A court in Florida said that Apple and Motorola Mobility have no interest in quickly and efficiently resolving a patent infringement lawsuit, but are instead using their litigations around the world as “a business strategy that appears to have no end.”
Referring to the “parties’ obstreperous and cantankerous conduct,” Judge Robert N. Scola of the U.S. District Court for the Southern District of Florida, described it as not a proper use of the court.
The judge was reacting to the litigation before the court which now includes over 180 claims asserted from 12 patents, in which the parties dispute the meaning of over 100 terms from those claims, according to an order which was entered into the court record on Wednesday. “Both Apple and Motorola greatly expanded the scope of this patent litigation by, among other things, supplementing patent infringement and invalidity contentions,” the judge wrote.
The parties agree that the case needs to be simplified, primarily through voluntarily agreeing to drop patents and claims from the case, but it is not a surprise that they have been unable to agree on how to accomplish this goal, the judge wrote in his order.
“Without a hint of irony, the parties now ask the Court to mop up a mess they made by holding a hearing to reduce the size and complexity of the case. The Court declines this invitation,” Judge Scola added, while denying the two companies a case management conference to narrow the case.
Setting a Markman hearing for Sept. 20, the judge said he expected the two companies will use the time to narrow the case to a manageable scope themselves. “If the parties cannot make this case manageable, the court forewarns them that it intends to stay the litigation while the Markman issues are pending and issue a decision as expeditiously as the parties deserve,” he added.
A Markman claim construction process is used to hear parties on different claims and their specific meanings in a patent infringement suit.

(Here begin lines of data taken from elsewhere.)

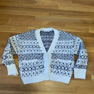 ZARA Black and Ivory Oversized Chunky Knit Cozy Cardigan Women’s Medium
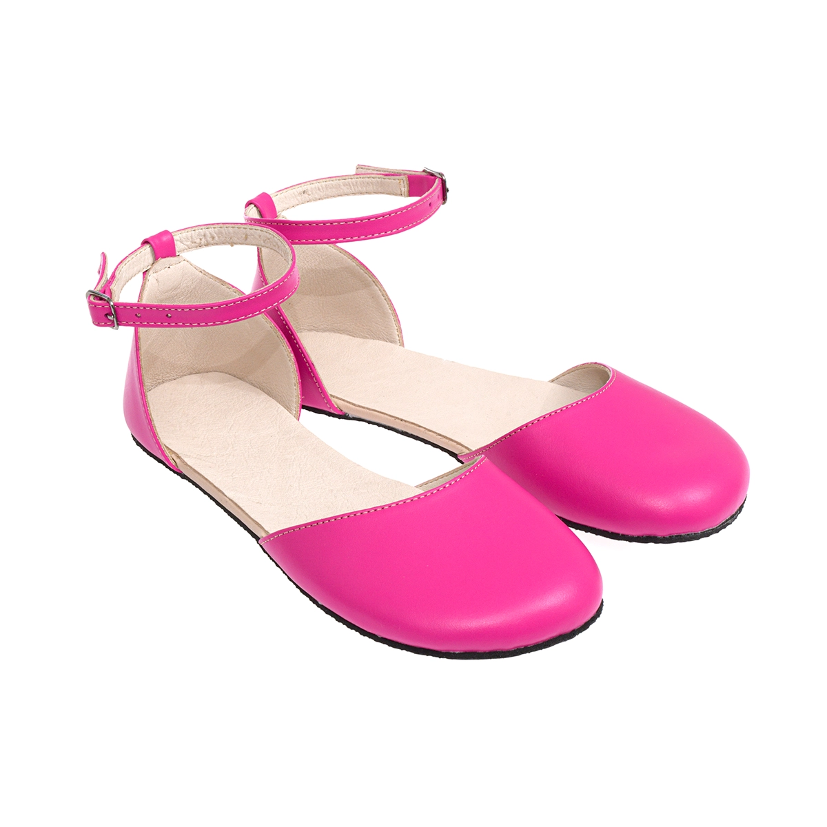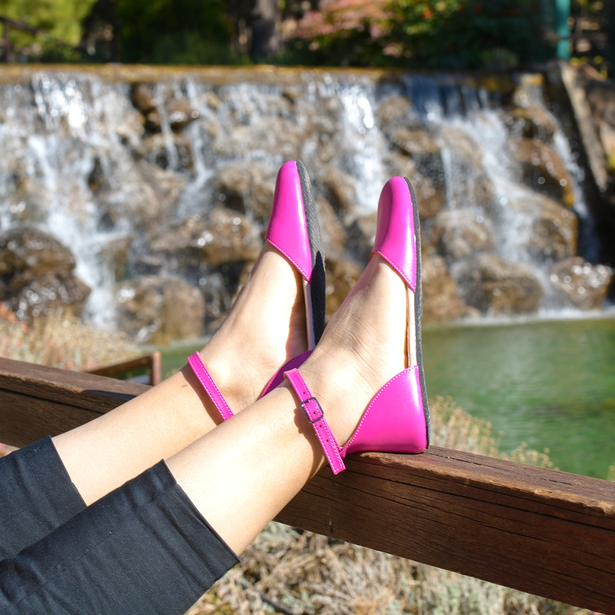 Handmade women’s barefoot Mary Jane sandals in pink. Minimalist design, flexible sole, and natural comfort for stylish everyday summer wear.
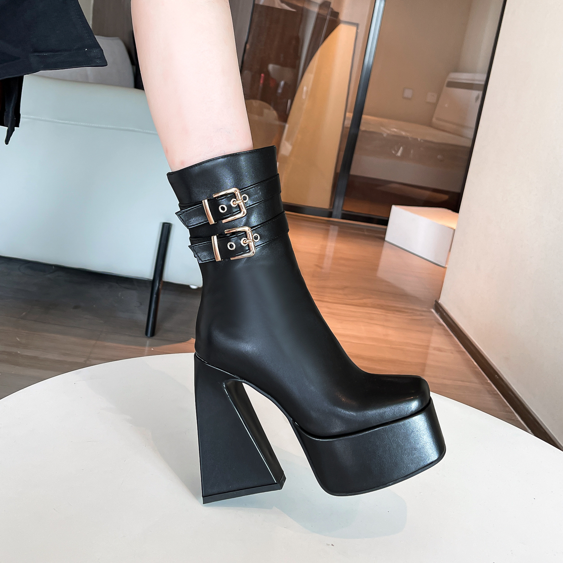 A Hollow Women's Waterproof Platform High Heel Square Head Side Zipper Fashion Boots
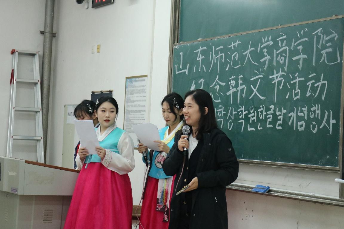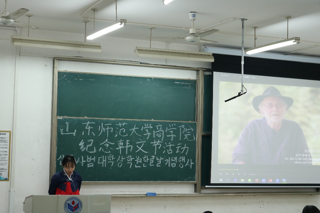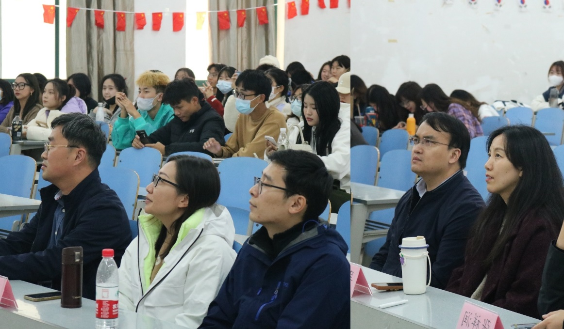 11月17日,商学院于文渊楼C区117教室举办纪念韩文节活动,商学院副院长刘钻扩,院长助理肖丁丁、中外合作部主任李斐斐、物流管理专业负责人吴梦娜以及2021级、2022级商学院学生出席活动,此外,韩方院长李鹤圭以及高民子等6名韩语教师线上参与此次活动。
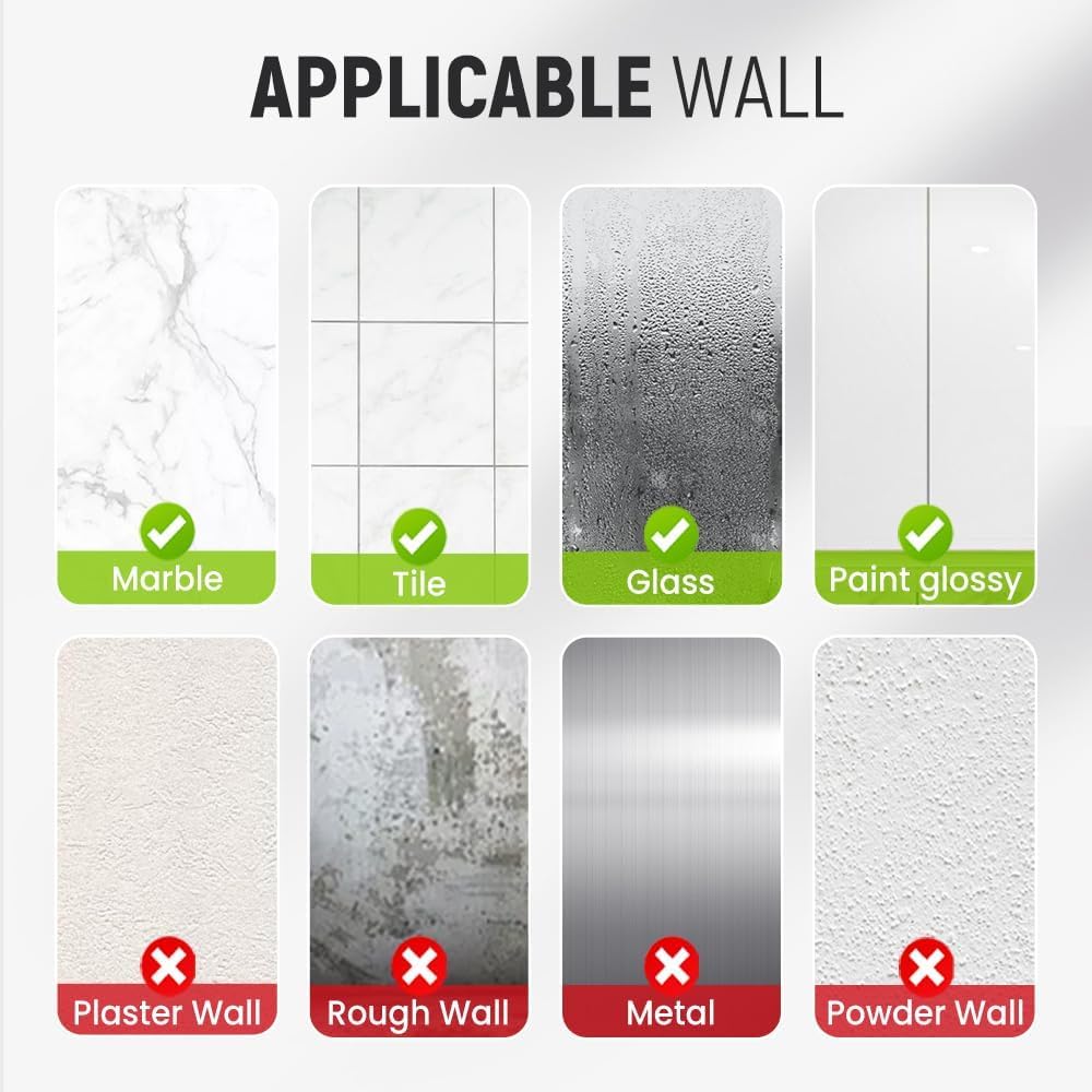 - 【Shower Hooks for Inside Shower - Suitable Surfaces】Bathroom towel hooks for wall only install to smooth, clean, flat and non-porous surface, suction shower hooks for loofah perfect for glass, mirror, smooth tiles, stainless steel, plastic, acrylic, cultured marble, smooth polished metal etc, shower towel hook cannot be install on rough surface or cement lime walls, wallpaper, non-painted wood, mosaic.
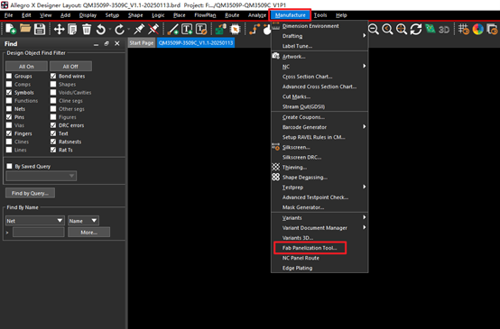 5、 开始导入PCB,Manufacture-> fab panelization tool
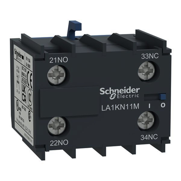 Unverzögerter Hilfsschalterblock für Schütze TeSys K (außer LP4K12 und LP5K12). Er bietet 1S+1Ö-Kontakte mit einer Nennspannung von bis zu 10 A, 690 V AC, Anschluss über Schraubklemmenanschlüsse mit Referenzierung gemäß EN 50012. Einfache Aufsteckmontage an der Vorderseite, für hohe Zuverlässigkeit und Haltbarkeit. Es verfügt über mehrere Normen (IEC, UL, CSA, CCC) sowie über eine Green Premium-Konformität (RoHs/Reach).
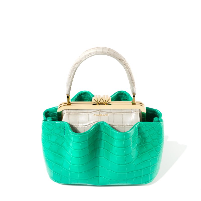 Bag realized in fine crocodile leather, lined in cotton canvas. |
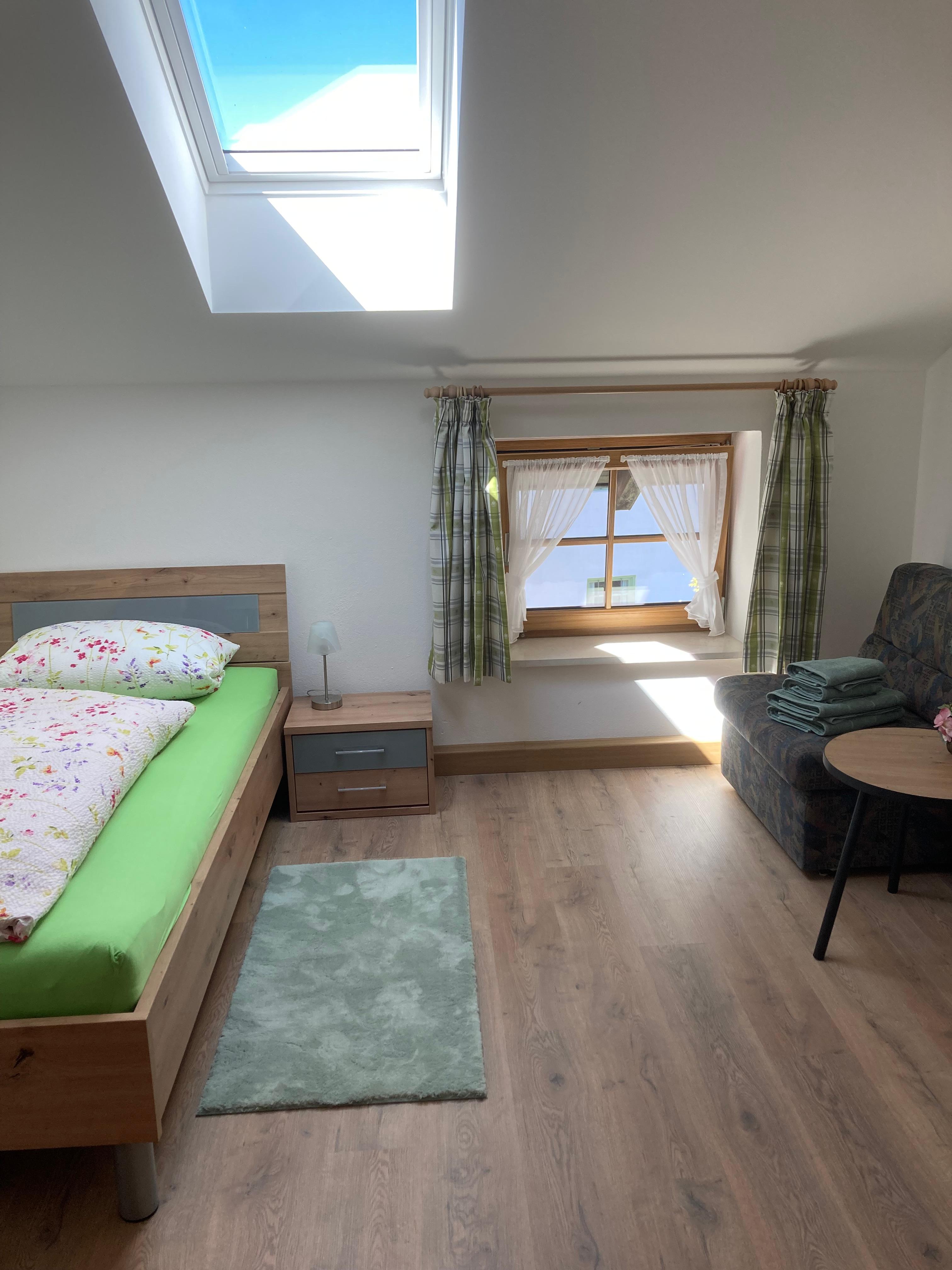 Doppelzimmer mit Zustellbett und Einzelzimmer (ab 4. Person), Etagen DU/WC auf Bauernhof: Das Einzelzimmer ist nur bei Belegung von 4 Erwachsenen im Preis inbegriffen, kann aber für 40 € pro/Nacht dazugebucht werden.
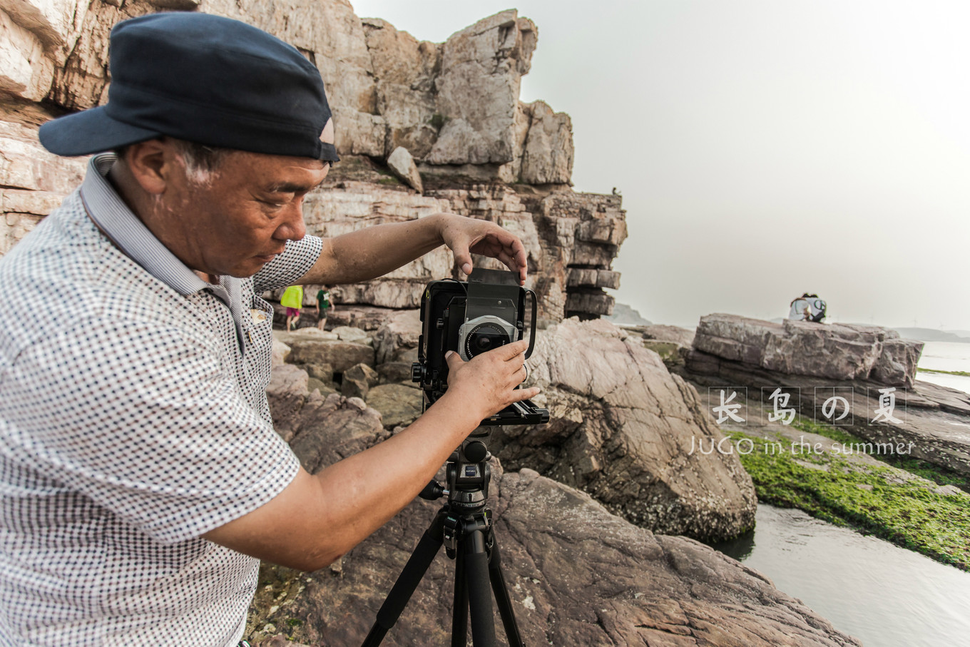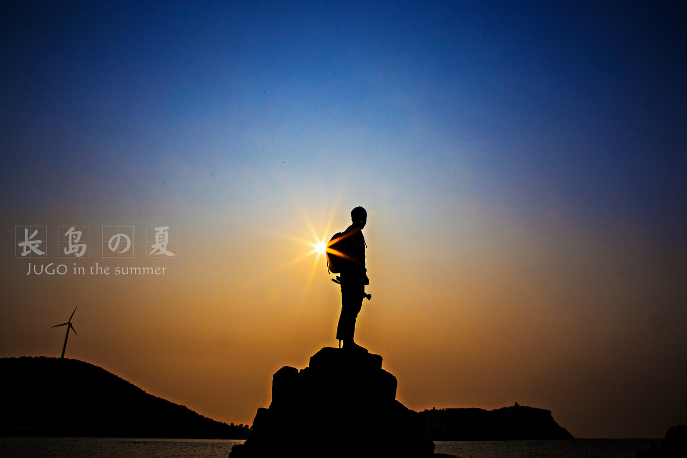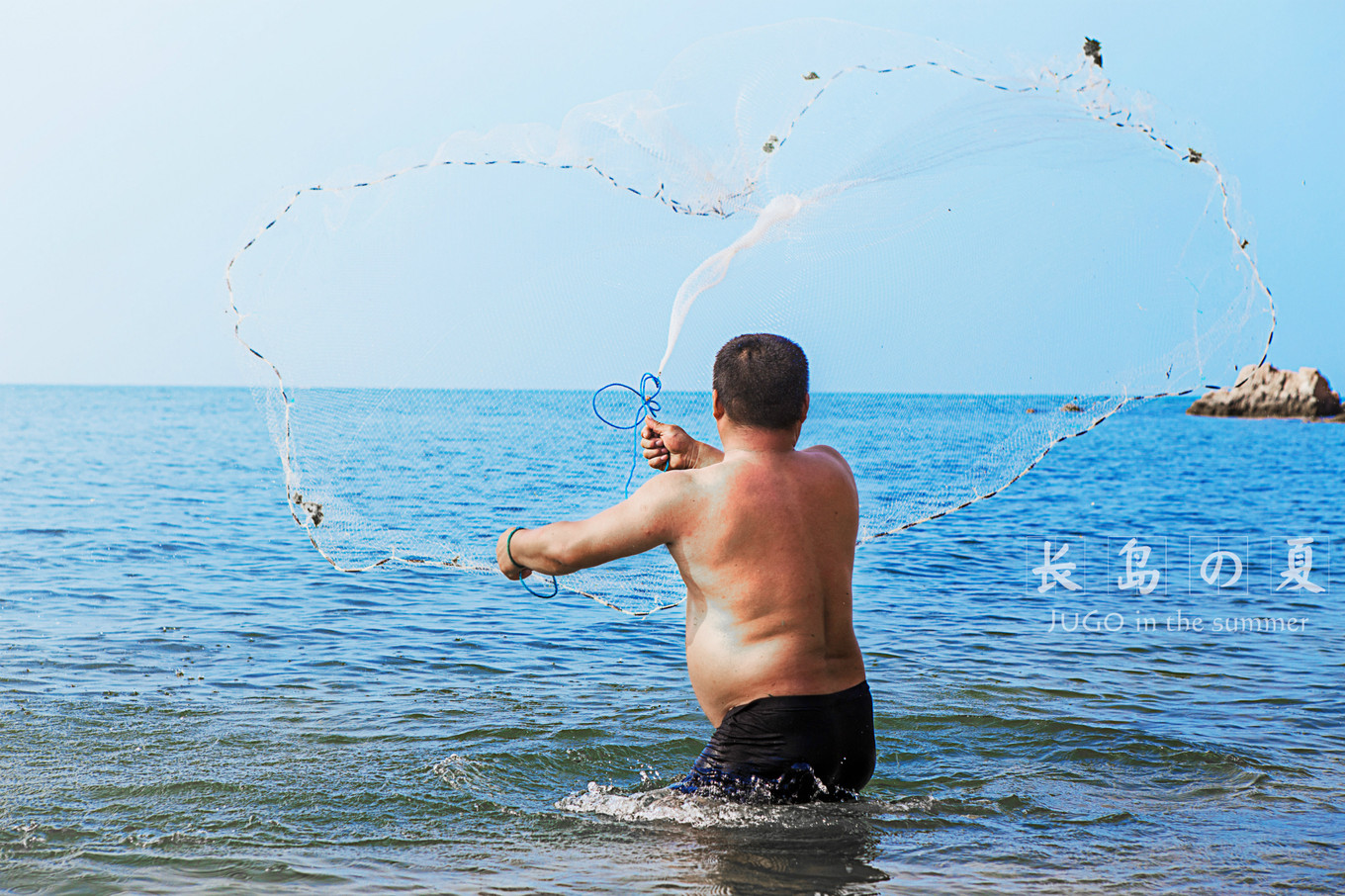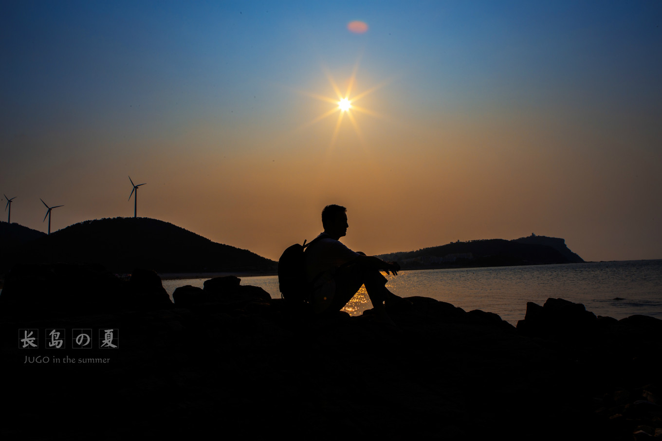 六叔坐在礁石上的剪影。

In a filing in March, the two companies told the court that they spent weeks “negotiating a way to mutually reduce the size and complexity of the case, primarily through voluntarily agreeing to drop patents and claims from the case.” They submitted in the filing “that the most efficient approach is for the court to schedule a telephonic conference to discuss an orderly approach to reducing the size and complexity of the case.”
Motorola, which was acquired by Google last year, accuses Apple of infringing 12 patents in the lawsuit, while Apple has accused Motorola of infringing 10 patents. The lawsuit was filed by Motorola in January last year, its second in the same court, alleging infringement of six patents by Apple.